_RECORDS_.
^^^^^^^^^^^^^^^^

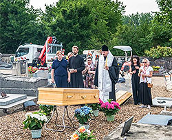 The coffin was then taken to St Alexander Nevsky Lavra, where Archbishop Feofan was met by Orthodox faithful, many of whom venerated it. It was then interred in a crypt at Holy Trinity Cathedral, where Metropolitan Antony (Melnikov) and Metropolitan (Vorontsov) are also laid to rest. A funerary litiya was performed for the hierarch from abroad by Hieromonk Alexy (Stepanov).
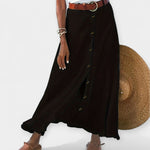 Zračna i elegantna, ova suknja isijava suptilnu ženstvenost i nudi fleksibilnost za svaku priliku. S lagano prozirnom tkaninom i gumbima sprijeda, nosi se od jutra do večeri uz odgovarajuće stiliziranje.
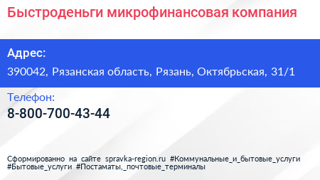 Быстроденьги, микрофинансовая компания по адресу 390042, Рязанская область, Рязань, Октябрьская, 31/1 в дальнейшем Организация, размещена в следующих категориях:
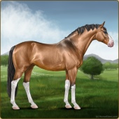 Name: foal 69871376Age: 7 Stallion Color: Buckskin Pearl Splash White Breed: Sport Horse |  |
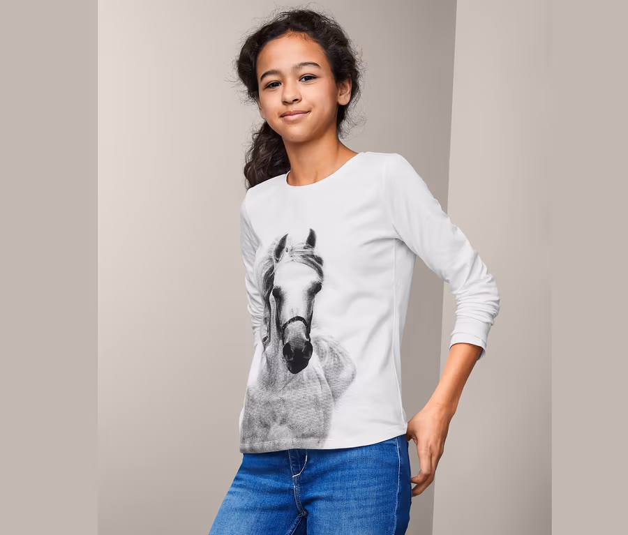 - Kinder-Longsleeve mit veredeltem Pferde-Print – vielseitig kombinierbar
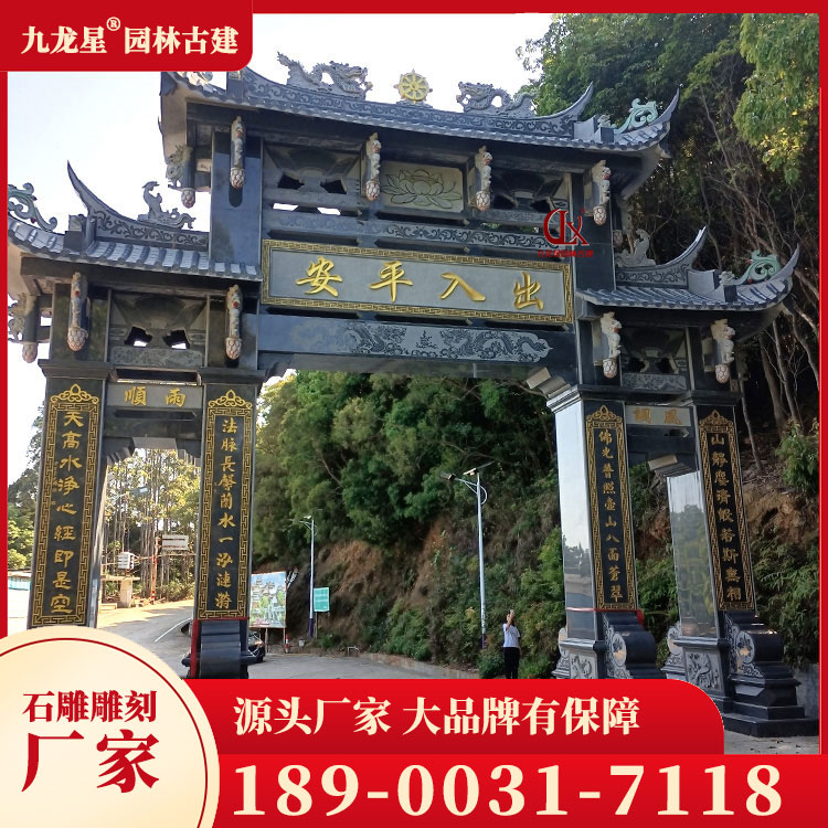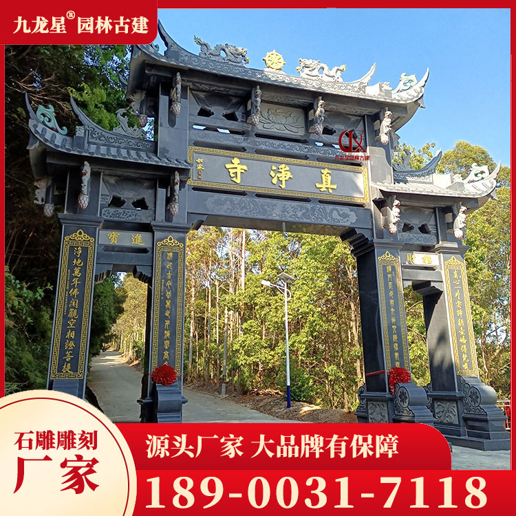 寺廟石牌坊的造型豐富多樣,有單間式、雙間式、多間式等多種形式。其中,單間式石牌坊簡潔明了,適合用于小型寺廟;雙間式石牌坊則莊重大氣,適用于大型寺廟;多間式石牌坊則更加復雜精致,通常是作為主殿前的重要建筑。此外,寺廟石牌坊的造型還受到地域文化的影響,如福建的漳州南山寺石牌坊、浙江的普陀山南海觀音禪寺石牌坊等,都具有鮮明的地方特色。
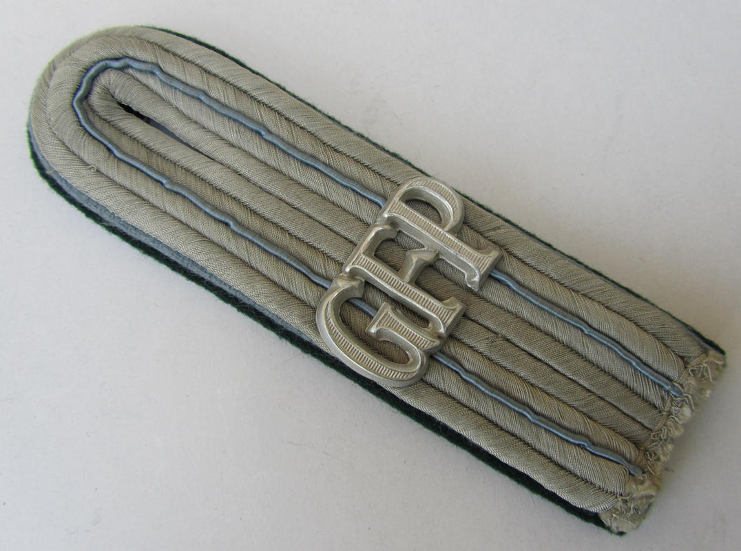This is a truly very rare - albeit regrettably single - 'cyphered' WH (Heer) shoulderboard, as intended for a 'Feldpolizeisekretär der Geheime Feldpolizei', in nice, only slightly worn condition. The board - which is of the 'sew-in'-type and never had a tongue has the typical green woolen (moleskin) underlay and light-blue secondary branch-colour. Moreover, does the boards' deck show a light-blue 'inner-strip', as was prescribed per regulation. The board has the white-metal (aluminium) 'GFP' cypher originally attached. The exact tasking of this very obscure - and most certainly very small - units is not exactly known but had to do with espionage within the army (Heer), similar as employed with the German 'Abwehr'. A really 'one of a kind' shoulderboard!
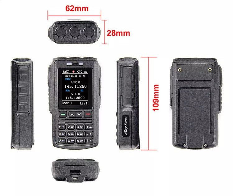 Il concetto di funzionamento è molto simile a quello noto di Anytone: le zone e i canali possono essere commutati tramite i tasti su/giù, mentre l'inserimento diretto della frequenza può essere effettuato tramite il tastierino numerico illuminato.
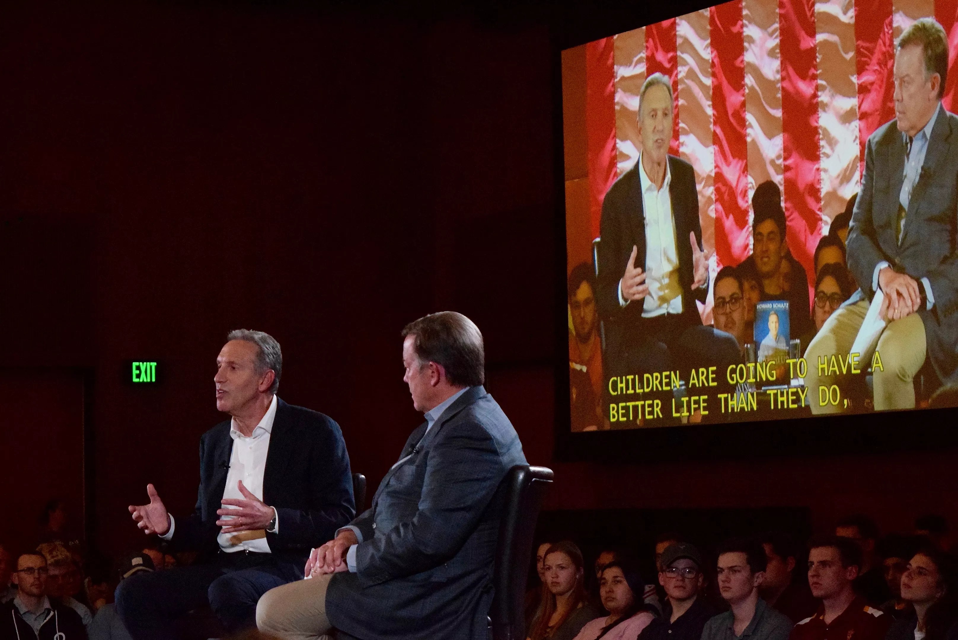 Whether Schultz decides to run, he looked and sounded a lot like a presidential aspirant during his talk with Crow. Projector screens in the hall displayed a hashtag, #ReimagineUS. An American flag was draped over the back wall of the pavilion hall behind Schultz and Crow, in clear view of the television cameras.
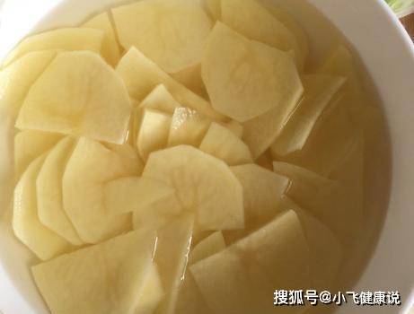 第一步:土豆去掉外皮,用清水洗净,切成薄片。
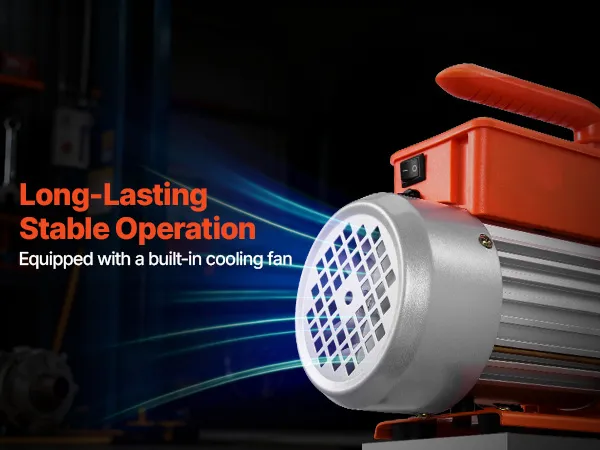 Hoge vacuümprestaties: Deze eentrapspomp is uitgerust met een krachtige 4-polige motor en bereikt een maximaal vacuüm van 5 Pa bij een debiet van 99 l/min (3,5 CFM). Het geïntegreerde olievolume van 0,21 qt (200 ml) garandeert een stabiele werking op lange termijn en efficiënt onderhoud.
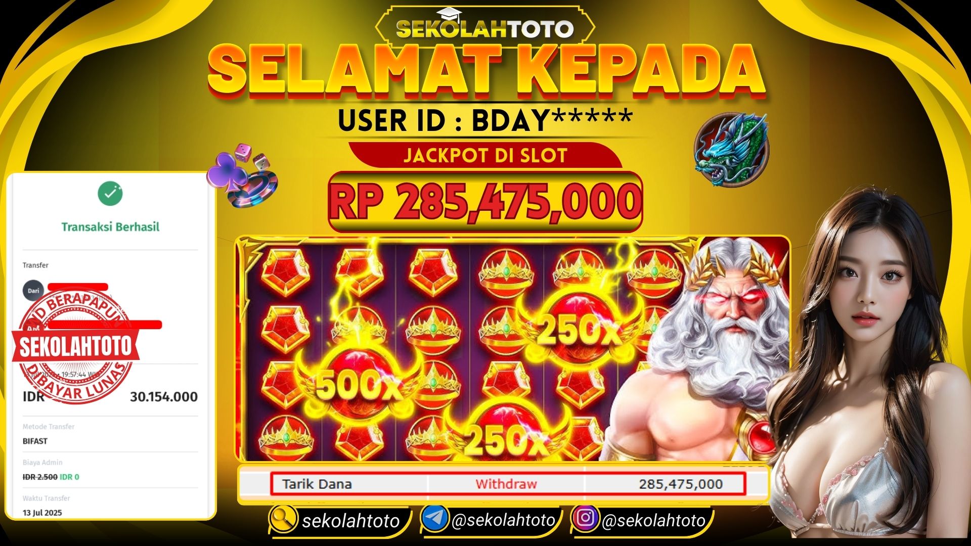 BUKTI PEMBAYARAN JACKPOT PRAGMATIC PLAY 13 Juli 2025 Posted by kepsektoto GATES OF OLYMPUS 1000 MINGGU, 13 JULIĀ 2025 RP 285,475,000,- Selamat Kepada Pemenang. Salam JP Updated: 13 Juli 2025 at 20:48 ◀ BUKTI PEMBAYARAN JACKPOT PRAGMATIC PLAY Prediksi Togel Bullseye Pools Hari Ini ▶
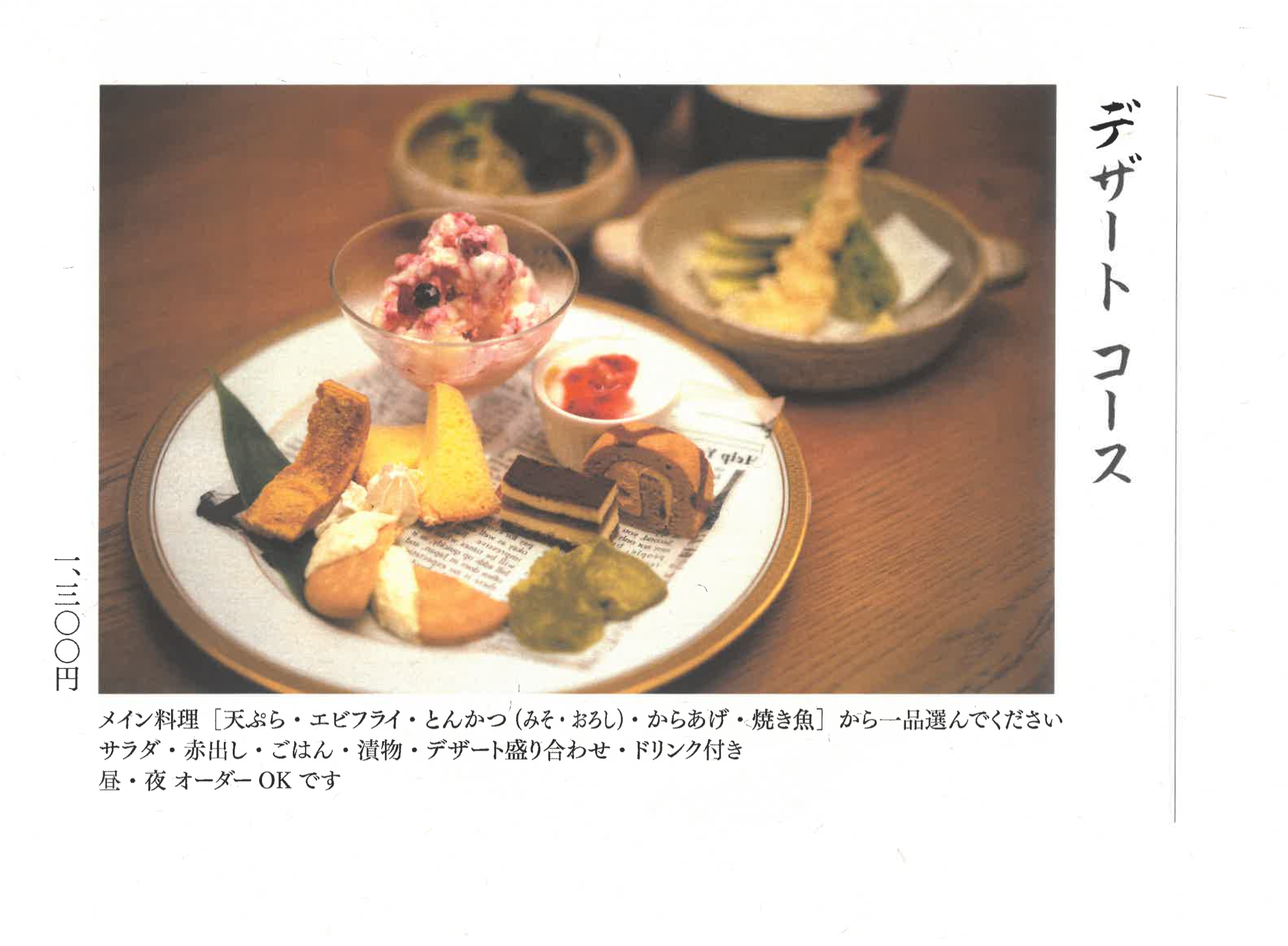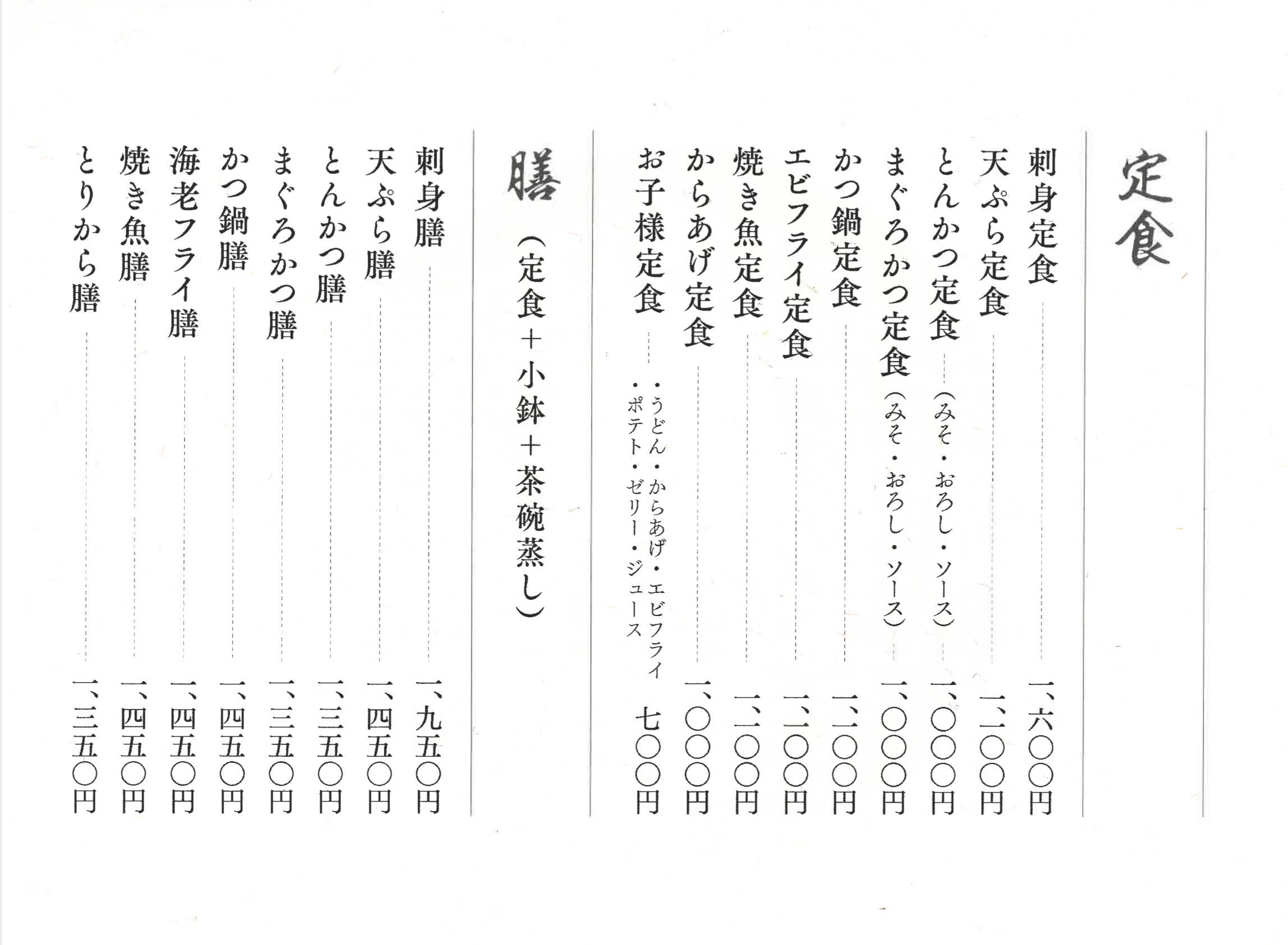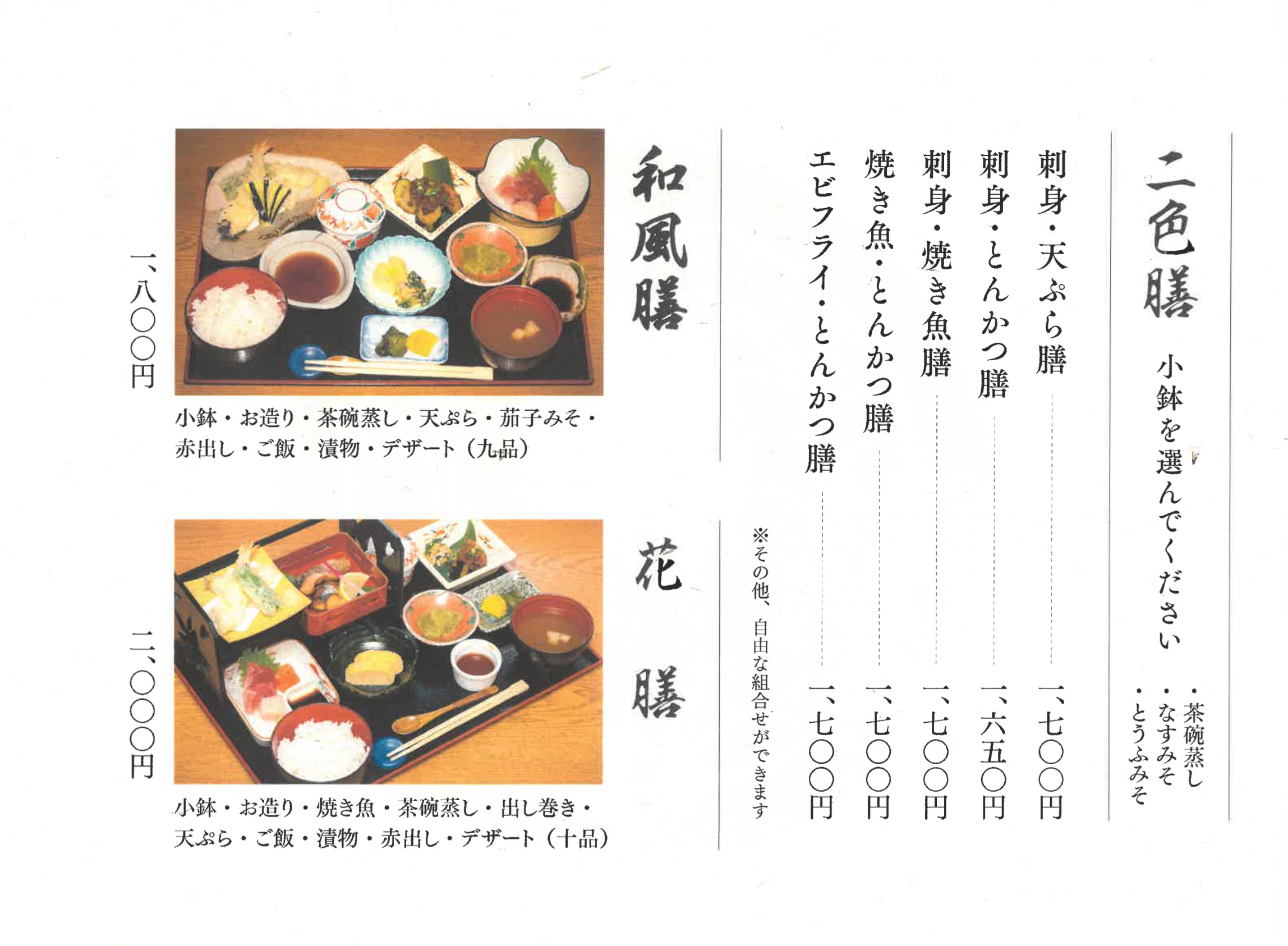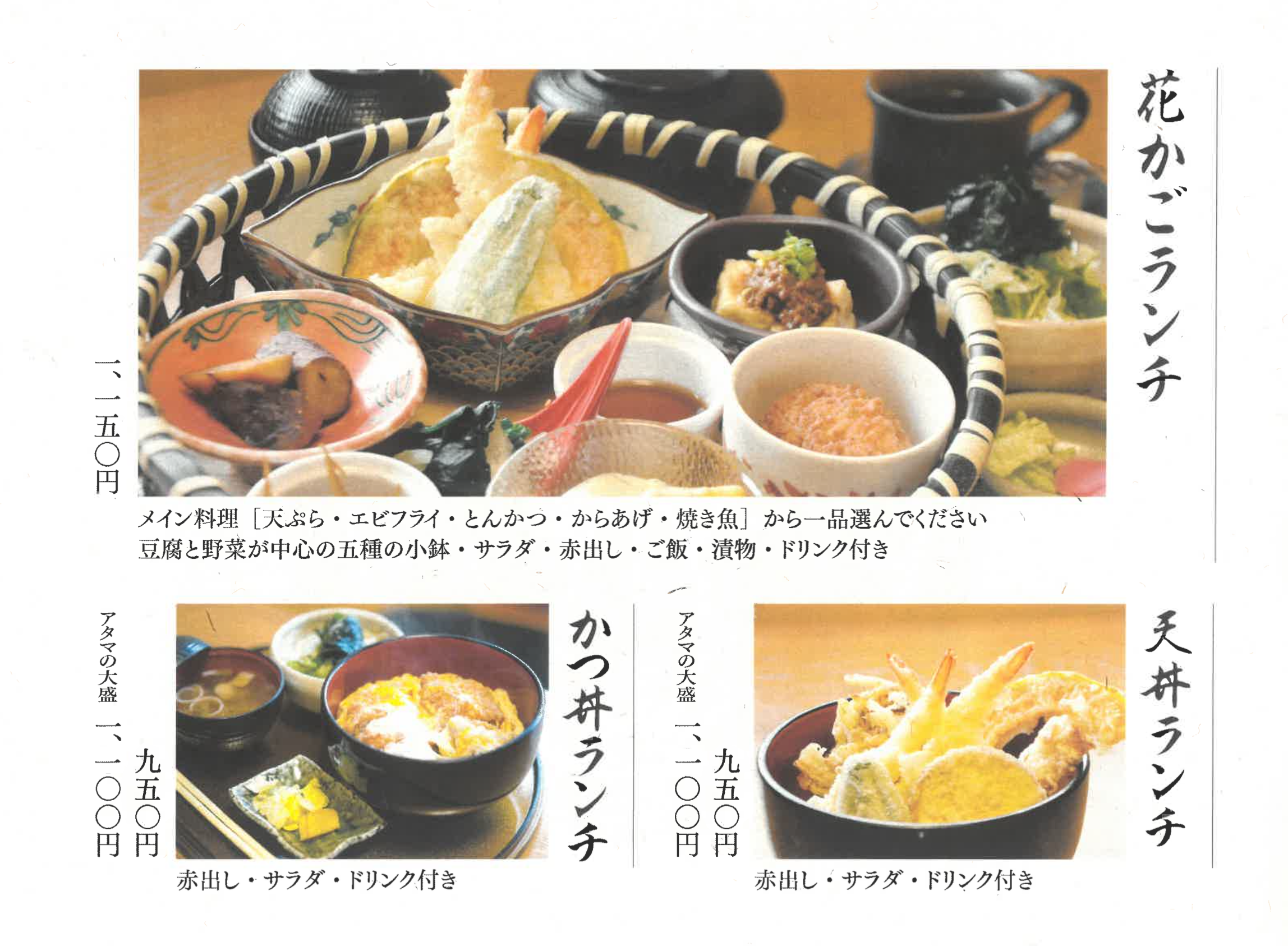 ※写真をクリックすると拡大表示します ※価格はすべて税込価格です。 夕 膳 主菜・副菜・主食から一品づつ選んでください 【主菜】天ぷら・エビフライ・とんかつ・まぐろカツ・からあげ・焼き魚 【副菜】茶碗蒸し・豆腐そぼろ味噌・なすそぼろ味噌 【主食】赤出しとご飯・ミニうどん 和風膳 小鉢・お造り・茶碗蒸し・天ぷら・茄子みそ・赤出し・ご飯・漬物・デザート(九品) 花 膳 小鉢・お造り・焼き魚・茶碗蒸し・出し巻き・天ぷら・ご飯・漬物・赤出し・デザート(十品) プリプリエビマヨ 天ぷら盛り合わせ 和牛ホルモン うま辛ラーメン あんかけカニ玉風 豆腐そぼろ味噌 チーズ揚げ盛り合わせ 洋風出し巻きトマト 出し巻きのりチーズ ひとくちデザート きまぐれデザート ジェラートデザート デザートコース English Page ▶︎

^^^^^^^^^^^^^^^^

_WHAT THE TASK REQUIRES_. Each line from the one with "第一步:土豆去掉外皮,用清水洗净,切成薄片。" to the final line of the data above is to be printed exactly; no picture should appear in the copy.

_FINISHED TASK_.
 第一步:土豆去掉外皮,用清水洗净,切成薄片。
 Hoge vacuümprestaties: Deze eentrapspomp is uitgerust met een krachtige 4-polige motor en bereikt een maximaal vacuüm van 5 Pa bij een debiet van 99 l/min (3,5 CFM). Het geïntegreerde olievolume van 0,21 qt (200 ml) garandeert een stabiele werking op lange termijn en efficiënt onderhoud.
 BUKTI PEMBAYARAN JACKPOT PRAGMATIC PLAY 13 Juli 2025 Posted by kepsektoto GATES OF OLYMPUS 1000 MINGGU, 13 JULIĀ 2025 RP 285,475,000,- Selamat Kepada Pemenang. Salam JP Updated: 13 Juli 2025 at 20:48 ◀ BUKTI PEMBAYARAN JACKPOT PRAGMATIC PLAY Prediksi Togel Bullseye Pools Hari Ini ▶
 ※写真をクリックすると拡大表示します ※価格はすべて税込価格です。 夕 膳 主菜・副菜・主食から一品づつ選んでください 【主菜】天ぷら・エビフライ・とんかつ・まぐろカツ・からあげ・焼き魚 【副菜】茶碗蒸し・豆腐そぼろ味噌・なすそぼろ味噌 【主食】赤出しとご飯・ミニうどん 和風膳 小鉢・お造り・茶碗蒸し・天ぷら・茄子みそ・赤出し・ご飯・漬物・デザート(九品) 花 膳 小鉢・お造り・焼き魚・茶碗蒸し・出し巻き・天ぷら・ご飯・漬物・赤出し・デザート(十品) プリプリエビマヨ 天ぷら盛り合わせ 和牛ホルモン うま辛ラーメン あんかけカニ玉風 豆腐そぼろ味噌 チーズ揚げ盛り合わせ 洋風出し巻きトマト 出し巻きのりチーズ ひとくちデザート きまぐれデザート ジェラートデザート デザートコース English Page ▶︎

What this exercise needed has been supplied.